Putting It All Together — Building a PHP Extension That Does Nothing (Useful) — part 4

Over three parts, we’ve built a PHP extension from scratch and discovered that replacing functions in PHP’s function table is both simpler and harder than it looks. We replaced strlen on the first try, segfaulted on user functions, learned about DO_UCALL vs DO_FCALL, discovered runtime cache slots, and found the two-file pattern that makes everything work.

But our code is a mess. A global stored_replacement pointer. One replacement at a time. No cleanup. No tests. Time to fix that.

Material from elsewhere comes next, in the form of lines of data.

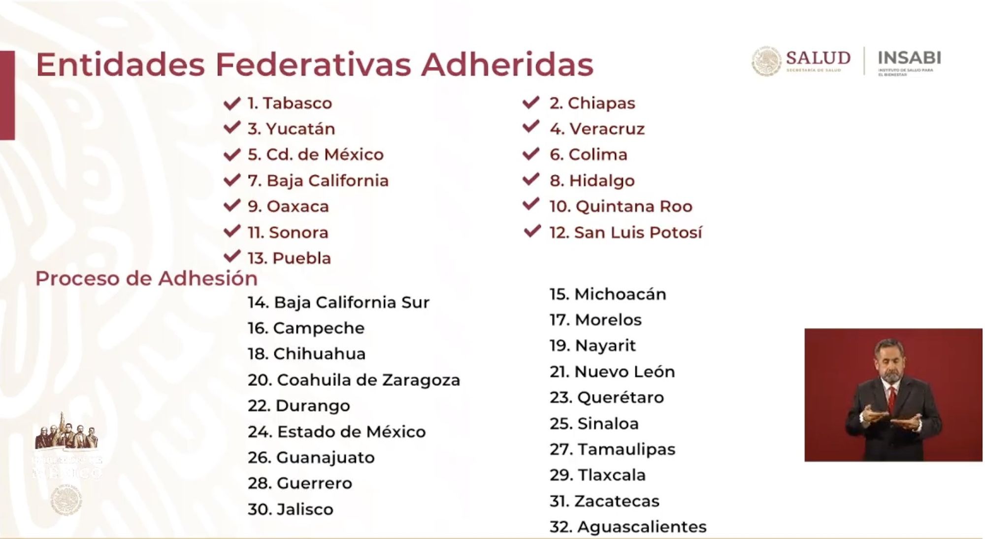 Esta mañana durante su conferencia de prensa, el presidente Andrés Manuel López Obrador, señaló que hasta ahora 13 entidades federativas ya se unieron al programa de salud INSABI, por lo que se espera que más de la mitad de los mexicanos que no cuenten con seguridad social tengan derecho a servicios de salud gratuitos.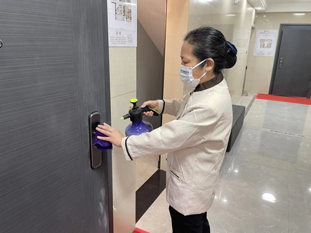 如何确保复工后的疫情防控不出纰漏是重中之重,中房集团荆门公司积极响应相关政策,认真组织防疫各项工作,明确上班到岗前的细致要求,设立疫情防控小组,确保复工、疫情防控两不误。加强员工健康监测,在进入营销中心前,所有员工接受体温测量、出示健康码、消毒并登记,同时每天对在岗保安、客服、保洁、置业顾问等进行早晚两次的体温检查,督促在岗人员佩戴好口罩及手套。每日定时定量使用医用酒精、84消毒液等消毒剂,对吧台、会客厅、楼道、扶手、办公室、卫生间等公共区域及样板房进行重点清洁和消杀。在出入口设立防疫登记点,严密防控、对所有出入人员进行体温检测、查验核酸,确保符合标准方可进入,为到访客户提供既安心又安全的环境。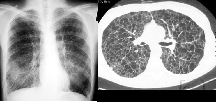 Bilateral interstitial infiltrate, with a right sided chest tube inserted for chylothorax. CT showing thin walled cyts.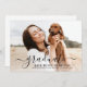 Two sided graduation party invitations feature a photo announcement on the front with black modern and minimalistic elegant script "graduate" overlay and monogram design. The back of the card features graduation celebration invitation information that can be completely customised for your special graduation party event. Note, the white background colour on the back can be edited to another colour via Customise.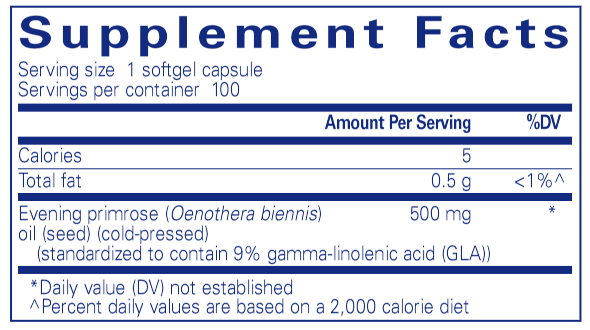 Cold-pressed evening primrose seed for skin health and musculoskeletal comfort; contains 9% GLA.
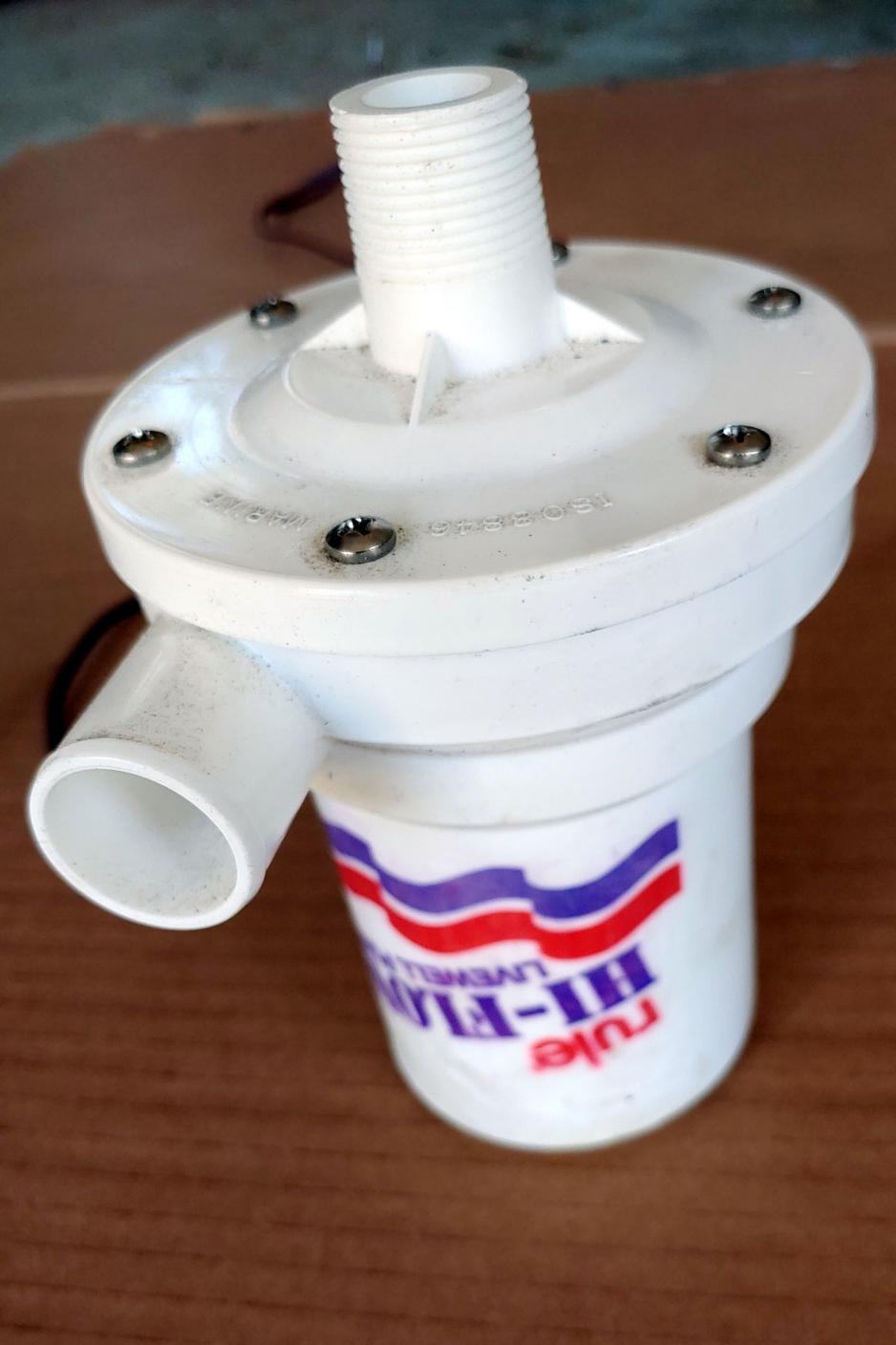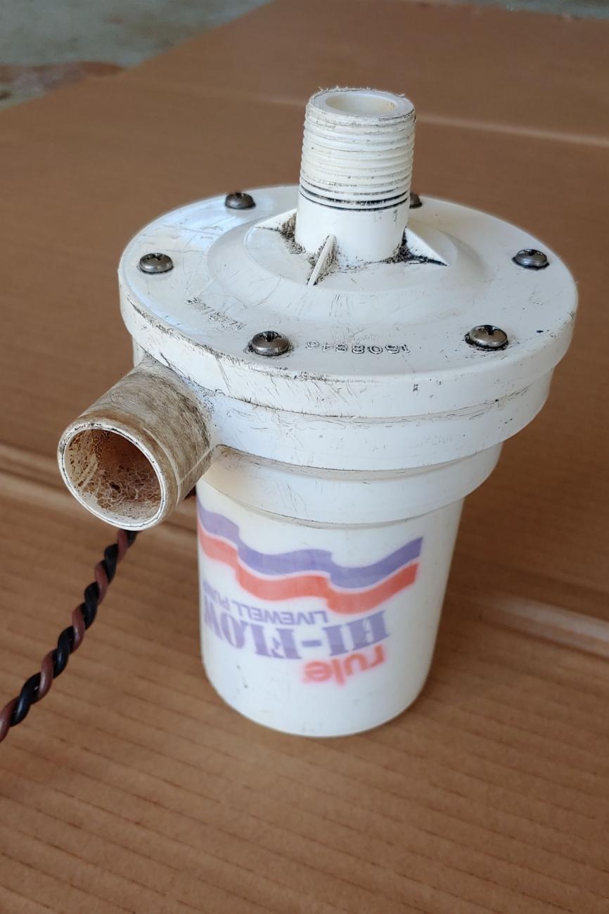 I have 3 of these available. Two in this listing and one in another one. They are all the same pump. These are Rule 2000 livewell pumps that were used as original equipment in the aerator ballast systems. I believe they are rated at 1200 GPH. They have been in a box for a couple years since I changed my ballast system over. The box fell a while back and two of the pumps suffered cracked housings. They were repaired and you can see the results in the photos. The pumps work; all were tested today. The cracks were not to the part of the pump that moves the water but to the plastic part that houses the motor. So, while I would be confident using them in the boat I would not use them as submerged "throw over the side" pumps unless you want to use a sealer around the housing first. The prices reflect working condition but with the above stipulations.

The Problems With Our Current Code

Looking at funswap.c from part 2, there are several issues:

  1. One replacement at a time: stored_replacement is a single global pointer. Replace two functions and the first replacement is lost.
  2. No cleanup: we never free the stored replacement or the copied original. Memory leaks every request.
  3. No way to map wrapper to replacement: all wrappers share the same handler, which reads the same global. If we replace both strlen and strtolower, they both call the same closure.
  4. No tests: we’ve been testing manually with php -r.

A Proper Registry

Instead of a global pointer, we need a hash table that maps function names to their replacement closures. When the wrapper handler fires, it looks up which replacement to call based on its own function name.

First, update the header to add module globals.

php_funswap.h, add globals:

/* php_funswap.h — updated with module globals */
#ifndef PHP_FUNSWAP_H
#define PHP_FUNSWAP_H

#include "php.h"

extern zend_module_entry funswap_module_entry;
#define phpext_funswap_ptr &funswap_module_entry

#define PHP_FUNSWAP_VERSION "0.1.0"

ZEND_BEGIN_MODULE_GLOBALS(funswap)
    HashTable *replacements;   /* fn_name_lc → zval (Closure) */
    HashTable *originals;      /* fn_name_lc → zend_function* */
ZEND_END_MODULE_GLOBALS(funswap)

ZEND_EXTERN_MODULE_GLOBALS(funswap)

#define FS_G(v) ZEND_MODULE_GLOBALS_ACCESSOR(funswap, v)

#if defined(ZTS) && defined(COMPILE_DL_FUNSWAP)
ZEND_TSRMLS_CACHE_EXTERN()
#endif

#endif

Two hash tables: replacements maps lowercased function names to the replacement Closure zvals, originals maps them to stored zend_function* copies. FS_G() is our globals accessor macro.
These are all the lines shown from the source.